– Видите ли, – решил продолжить Хромов. – Мне не хотелось бы обвинять Панюшкина. Он этого не заслуживает. Я уже говорил – он честен и предан делу. Рабочие, водолазы, механики, газосварщики, обслуга, флот, проблемы Поселка – все на нем. Лет десять назад он потянул бы это легко и с радостью. Но сейчас – нет. Выдохся человек. Вся жизнь по стройкам – это не каждый выдержит.
Когда Хромов вышел на крыльцо, красное солнце висело над Материком. Хромов смотрел на светило спокойно, и в его глазах мелькали маленькие красные огоньки.
– Вот такушки, гражданин Толыс, – вслух произнес Хромов и сошел с крыльца. Он шагал, с удовольствием вслушиваясь в скрип снега под ногами, ощущая розовый закатный свет на лице, бодрящий мороз, волнение, которое еще не покинуло его. – Обижать – оно легко, – бормотал себе под нос Хромов. – Обижать каждый может, а если еще и должность позволяет, то тут уж и радость тебе, и наслаждение. Тут уж попить можно вволю кровушки-то чужой! Но ведь обида, она того, о двух концах, обиду можно простить, но забыть нельзя. Вот покайся, к примеру, ты передо мной, прощения попроси, не раз, не два, да при людях, – тогда, глядишь, может быть, и простил бы я тебя. А может, и нет. Есть причина и следствие, есть обида и месть.

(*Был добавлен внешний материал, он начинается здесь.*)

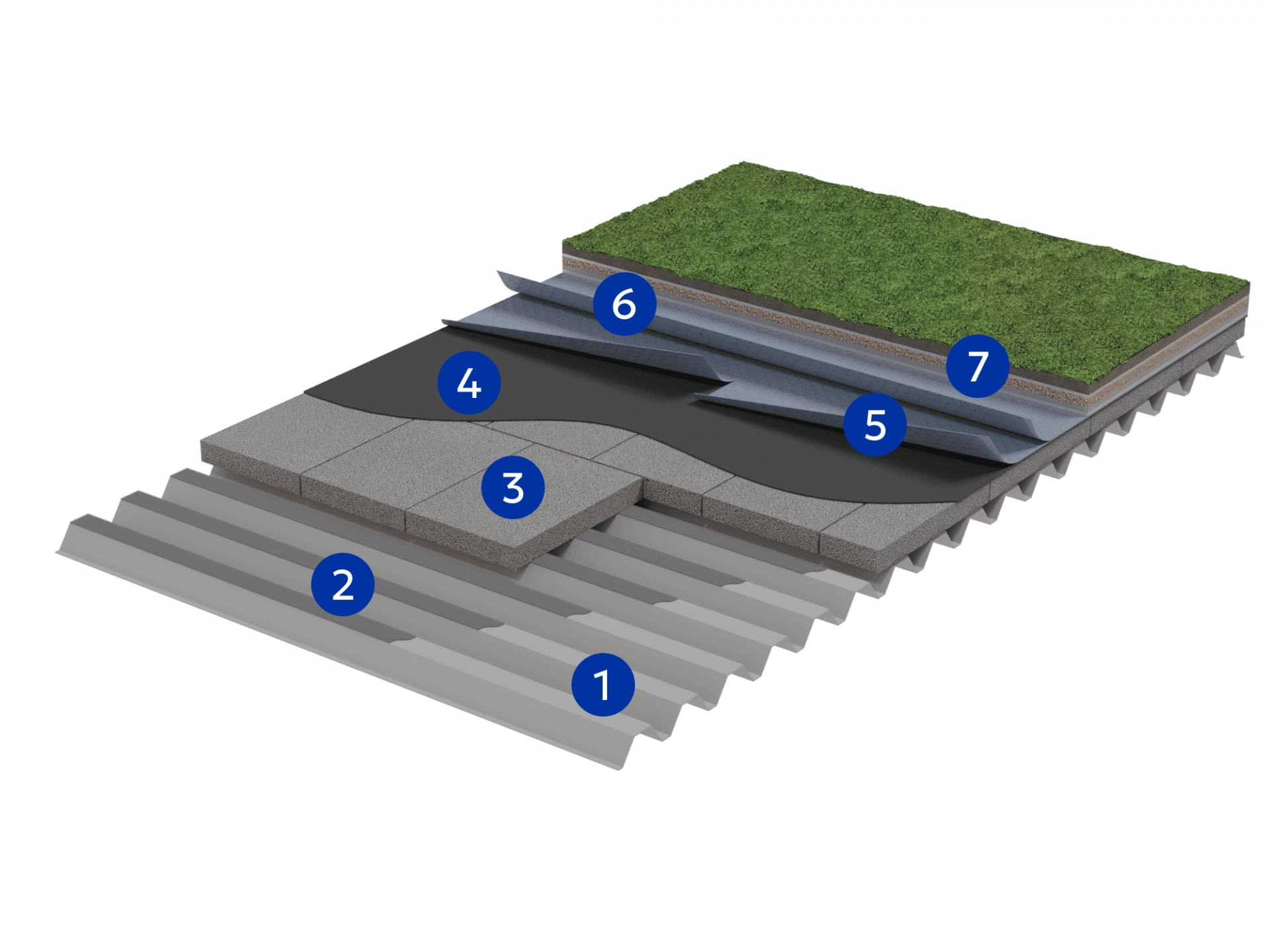 - Защитный слой, влагонакопительный слой дренаж, системный фильтр, субстрат
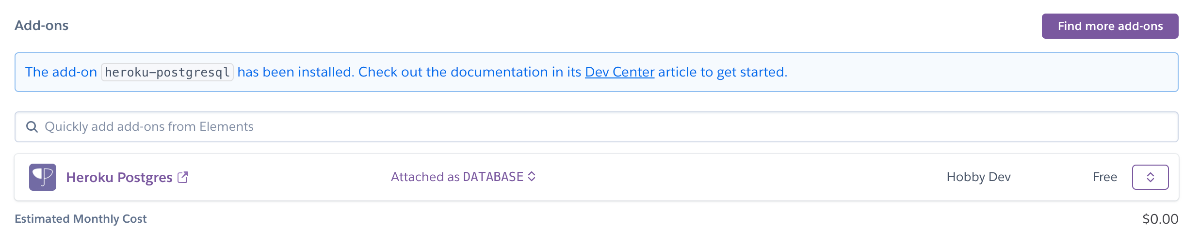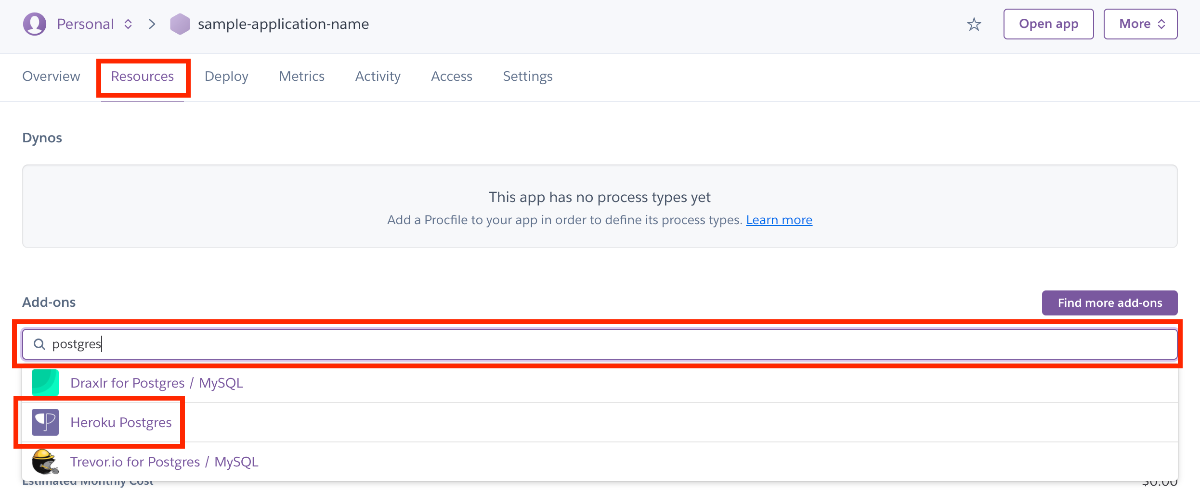 ダッシュボードの「Resources」タブに移動して、「Add-ons」の入力フォームに「postgre」と入力すると「Heroku Postgres」が出てきますのでクリックします。
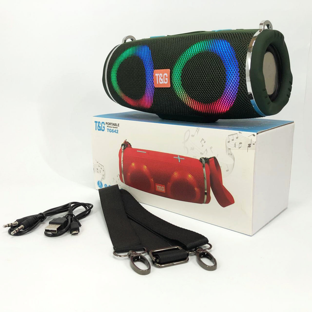 Портативна колонка TG642 з RGB-підсвіткою і ремінцем, гучна блютуз-колонка. Колір: зелений
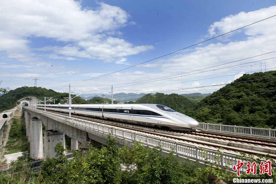 6月21日,贵广高铁、沪昆高铁穿隧道而过。贵广高铁设计时速300km/h, 目前运行速度250km/h,目前是西南云贵川地区最便捷的铁路出海大通道,大大缩短了西南与珠三角地区间的时空距离,乘客乘坐相比之前节省了很多时间。另外在成贵高铁开通之前,如乘坐普速客车通过贵阳中转高铁,四川各地至珠三角地区的行车时间普遍能由40小时缩减至24小时以内,且按普速硬卧与动车二等座对比计算,票价几乎不变。沪昆铁路客运专线贵州段全长559.5公里,是世界上跨度最大,地形起伏大、地质结构最复杂的铁路。中新网记者李泊静 摄
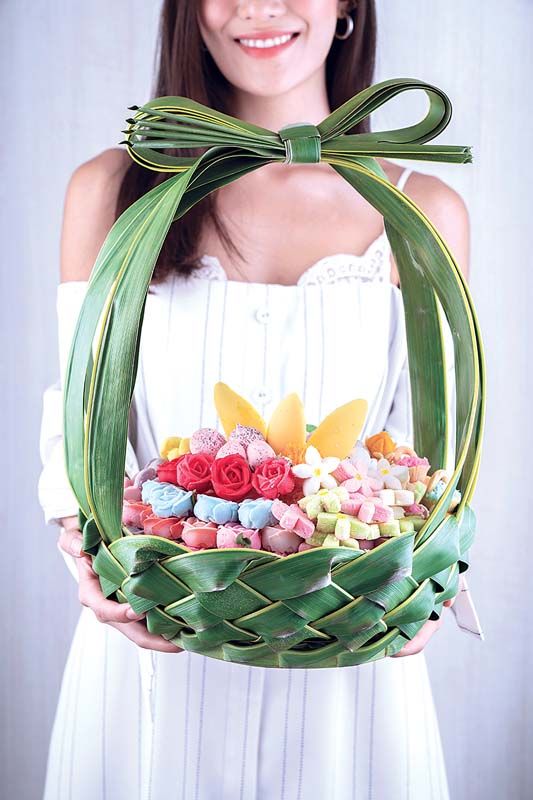 นอกจากนี้ยังสามารถเลือกกระเช้าในสไตลส์ของคุณ กับกล่องไม้ไผ่สาน ที่มีทั้งไซส์ เล็ก กลาง ใหญ่ ให้คุณได้เลือก พร้อมเลือกขนมไทยมงคลในแบบของคุณ กว่า 15 ชนิด อาทิ จ่ามงกุฏ, กระเช้าสีดา, ฝอยทองกรอบ, เสน่ห์จันทร์,สัมปันนี และอาลัวชาววัง
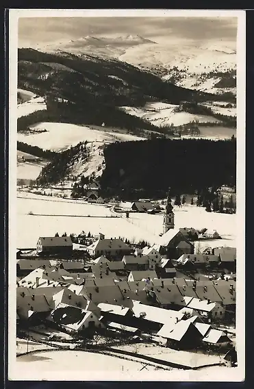 AK Obdach, Ortsansicht mit Bergen im Winter
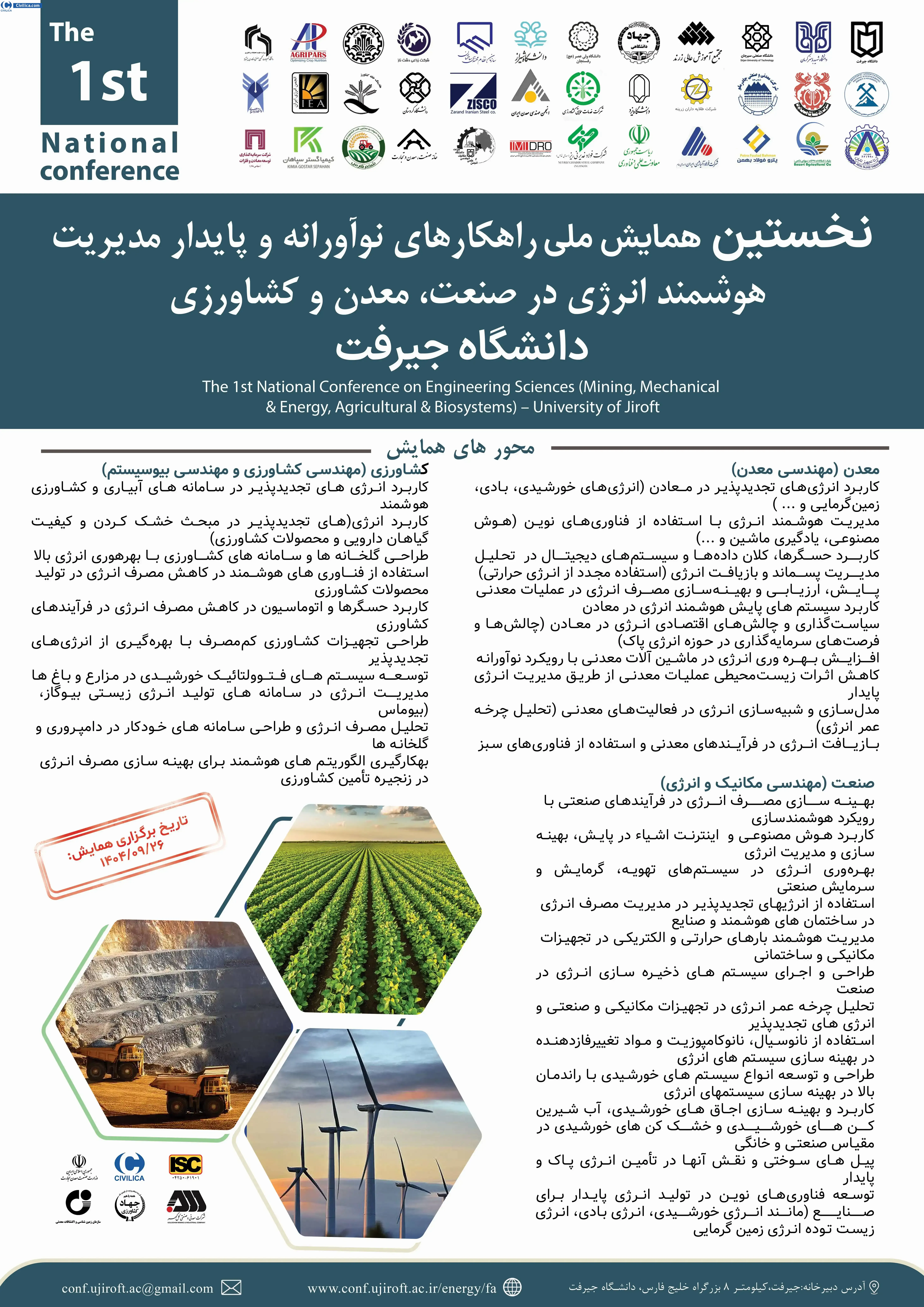 The 1st National Conference on Engineering Science (Mining, Mechanical & Energy, Agricultural & Biosystems) - University of Jiroft, Iran. In date 2025-12-17 by Jiroft University, in City Jiroft will be held.Since the conference held officially, all of this Conference paper and proceedings will be indexed in the Civilica database and Iranian Consortium of National Content (ICNC) and you can have full confidence.
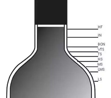 多指剛出廠時(shí)候的水位,一些新酒和陳年時(shí)間不長的葡萄酒的液面大都在這個(gè)位置。

Да, Толыс, существует такое некрасивое слово, которое вслух трудней произнести, чем мат какой. Если хочешь, Толыс, я кое-что расскажу о мести, тебе не помешает знать это, чтобы ты мог оценить ее, понять, почувствовать.
Перво-наперво – месть должна быть неожиданной, с ясного неба должна свалиться, во как! Еще закон – месть не может быть анонимной, обидчику положено знать, кто ему нанес удар, и ты, Толыс, это будешь знать. Самая лучшая месть с улыбкой. А если она из последних сил, с предельным напряжением, со вздувшимися жилами, налитыми кровью глазами, с проклятиями и топаньем ногами – это не месть. Настоящая месть – ласковая, заботливая. А я, мол, и не знал, что для тебя это так важно, ну, извини, друг дорогой, постараюсь впредь быть осмотрительней... Так примерно.
А еще, Толыс, скажу я тебе, что хорошая месть имеет некую протяженность во времени, чтобы обидчик, то есть ты, Толыс, засыпал и просыпался, не забывая обо мне, чтобы ты во сне меня видел, чтобы я во всяких видах тебе спросонья мерещился. А если как внезапная боль в сердце, как выстрел в затылок – это не месть.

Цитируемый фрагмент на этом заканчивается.